Throughout the glossary and the docs, you may see notation for file and folder paths that include dollar signs $. Whatever comes after this symbol is intended to be a dynamic variable, e.g. $project_folder will be replaced with the actual folder path for your project.

DAG

The output of this package is a Directional Acyclic Graph (DAG) consisting of nodes and edges as NetworkX MultiDiGraph object. Nodes can be Runnables or Variables, and edges are the connections between nodes.

index.toml

Recommended to be located at $project_folder/src/$project_name/index.toml. This file contains all of the file paths to all of the files that comprise this package. For maximum flexibility, the only requirement as to the structure of this file is that it consist only of dictionaries (with any degree of nesting for organizational purposes), where each key is a user-defined string, and the values are either a subdictionary, or a file path. No other strings, no numbers, or lists are allowed outside of dictionaries. Relative file paths are preferred for portability. They are relative to the $project_folder/src/$project_name directory, as that is the root directory when the package is installed. Absolute file paths should be used only when needed to access files outside of the project folder.

pyproject.toml

Recommended to be located at the root of your project folder, pyproject.toml is a type of text file that is Python's default way of providing the metadata needed to share Python packages. This is the only Python-standard .toml file, the rest are custom-defined in this package for the purposes of compiling a DAG from a TOML-based modular package format.

Variable

Variables are defined within the Runnables where they are used, they do not have their own sections of a TOML file. Variables can be specified as inputs or outputs, and are the primary way that data flows between Runnables.
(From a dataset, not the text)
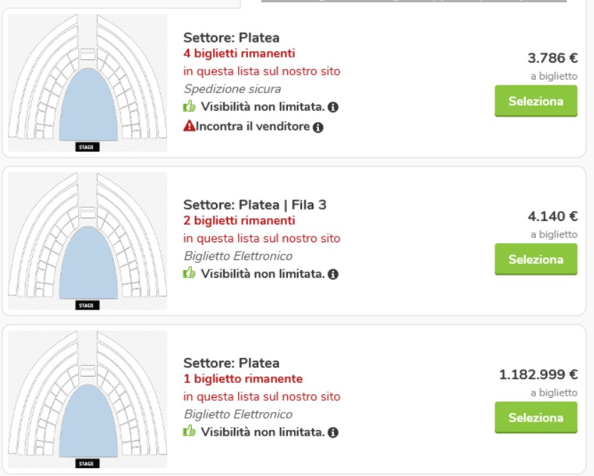 “I biglietti per il concerto dei Maneskin all’Arena sono andati letteralmente a ruba sui canali ufficiali di vendita, per comparire in queste ore sui siti di secondary ticketing a prezzi astronomici – denuncia il presidente Carlo Rienzi – Alcune piattaforme stanno proponendo al pubblico biglietti con tariffe che vanno dai 4mila euro fino al record di 1.182.999 euro per un posto in prima fila davanti al palco. Un rincaro astronomico, se si considera che sui canali ufficiali di vendita il prezzo massimo di un biglietto era di 86,25 euro”.

A Variable node in the DAG is an input Variable if its successor is a Runnable, and an output Variable if its predecessor is a Runnable. Input Variables can be any of several types: hard-coded, loading a file, specifying a data object's name or file path, or even unspecified. Output variables do not have these delineations - they are all simply "outputs".

Runnable

"Runnable" is an umbrella term for any node type that is not a Variable, and executes code. The default Runnable types are Process, Plot, PlotComponent, and Summary (in development). There are different types of Runnables because they each require different attributes to function, though some attributes are mandatory and shared between all Runnable types.

Runnable: Process

The most common type of Runnable. Takes in data, processes it by executing the associated code, and outputs data.

Runnable: Plot

Runnable that visualizes data. Takes in data and metadata about the Plot, Axes, and PlotComponent to construct and save the plot.

Info

Plots themselves do not have code associated with them, and so do not have an execproperty. However, PlotComponents do.

Runnable: PlotComponent

Todo

Used by Plot-type Runnables to define a single layer of the plot. Executes the plotting functions, while Plot Runnables themselves do not.

Runnable: Summary

Todo

Responsible for summarizing the data so it can be entered into statistical analysis.

Bridges

The mechanism to connect Runnables in different packages. Using similar syntax as in the package's TOML files, the separation of the bridge file allows for the separation of concerns between the package's internal structure and its external connections. This means that a package can be written to reference variables from other packages without knowing anything about those other packages. For more information, see the Bridging page.